My wife and I were discussing this question, for it’s been in the news. As an outsider, from elsewhere, she felt such a question is just smalltalk, designed to break the ice, coming after the obligatory comments about the weather and, “Did you watch the match last night?”
But perhaps her response is based upon the different contexts in which we find ourselves: the difference between connecting and otherising. In Turkey, it would be considered perfectly normal for one person to ask another, “Are you Las, Georgian or Hamşen?” each being one of many local ethnicities that might be suggested by accent or dialect. As for me, if I replied that I am English, they would immediately guffaw, “David Beckham!”
I could confirm that such smalltalk is just as common here. At university, “Where are you from?” was a standard icebreaker whenever meeting someone new. In my case, I’d reply, “near York.” New York?! Wow, that’s amazing. “No, no, not New York, near York.” Oh, oh, right, that’s er, not nearly as interesting. At work, too, colleagues will ask exactly the same question because of my subtle northern twang.

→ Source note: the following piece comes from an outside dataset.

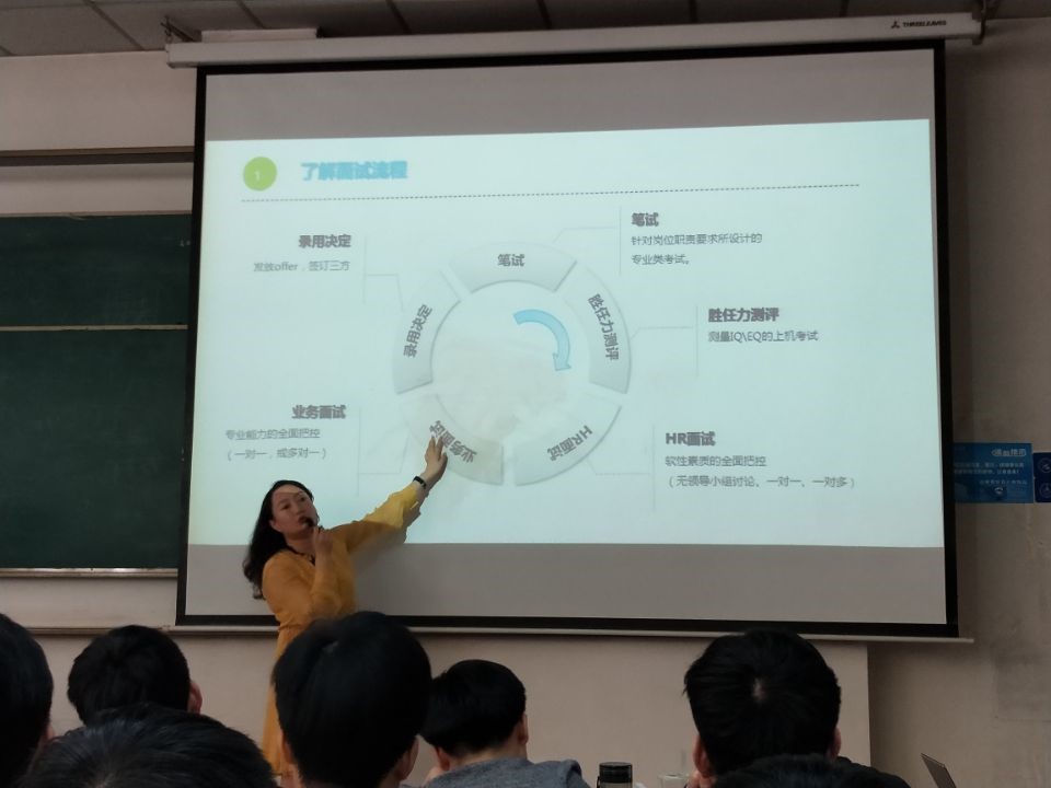 俗话说“知己知彼,百战不殆”,在招聘这场“战争”中,我们不仅要面对求职者之间的竞争,还要面对HR的考察。而竞争对手各有所长,变化百般,但所有HR的共性可谓是显而易见。所以要在这场较量中占得一定的先机,把握这种共性至关重要。马蕊老师讲到HR关注点有两个:应聘者和应聘职位的匹配度以及个人吸引点。匹配度主要由三部分构成:实习经验、院校及专业、课程和成绩。吸引点主要包括条理性、总结凝练、求职态度、学习能力、个性特点、特长和爱好等。在讲到求职态度的时候,她强调道细节体现态度,简历的“颜值”和“结构”可以体现应聘人对于应聘的态度。她给同学们讲道,简历一定要有突出点,硬性匹配度不够的话,吸引点一定要引人注目。

But that’s obviously not the context in which this question was asked of the founder of the charity Sistah Space at Buckingham Palace, wherein the line of questions was interpreted more as an interrogation than as friendly conversation. Indeed, it reportedly ended with hostile words in a condescending tone, which made the guest feel very uncomfortable.
Many will relate to that, feeling this line of questioning is less about taking an interest in an individual’s lineage or heritage, and much more about making them feel like an outsider who does not belong. In some ways, I could relate to either position.
In my nearly twenty-five years wandering amongst Muslim communities, I have been asked this question repeatedly. Often those asking are elderly folk, whom I presume to be genuinely curious to work out where I am from, given that I look a little different to the majority of congregations.
If I am out of area, I will first name the town I live in. If they then respond, “No, originally?” I will say that I’m originally from Hull. If they then say, “No, no, originally, originally,” my response will depend on whether I like the person or not. If I feel they’re being an idiot, I’ll simply reply, “Water.” Otherwise, I’ll just describe myself as a restless native, a quarter Irish.
This will satisfy all but the most stubborn of folk. The latter are the type who will go on to persuade me that I’m actually Syrian or Bosnian. You can’t do much about these types. But as for the rest, I think I’d agree with my beloved: yes, it is just friendly small talk, designed to break the ice. For sure, I’d rather this question than some awkward discussion about football.
But I am a white male, whose belonging is never questioned, so this is easy for me to say. My wife, although her skin is more or less the same colour as mine, is occasionally reminded that she is from somewhere else, either as a result of her accent, because she was overheard speaking a different language, or due her dress. But others, more visibly distinct, find themselves reminded of their otherness constantly. For such folk, I can imagine these persistent questions really grate.
So if you must ask, do so carefully. If a person indicates that they think it none of your business, respect that. If, on the other hand, they’re proud of their long lineage, prepare to be bamboozled. Beware, especially, of those who were given a DNA testing kit for Christmas. You may need to grab a chair for the answer to that particular question.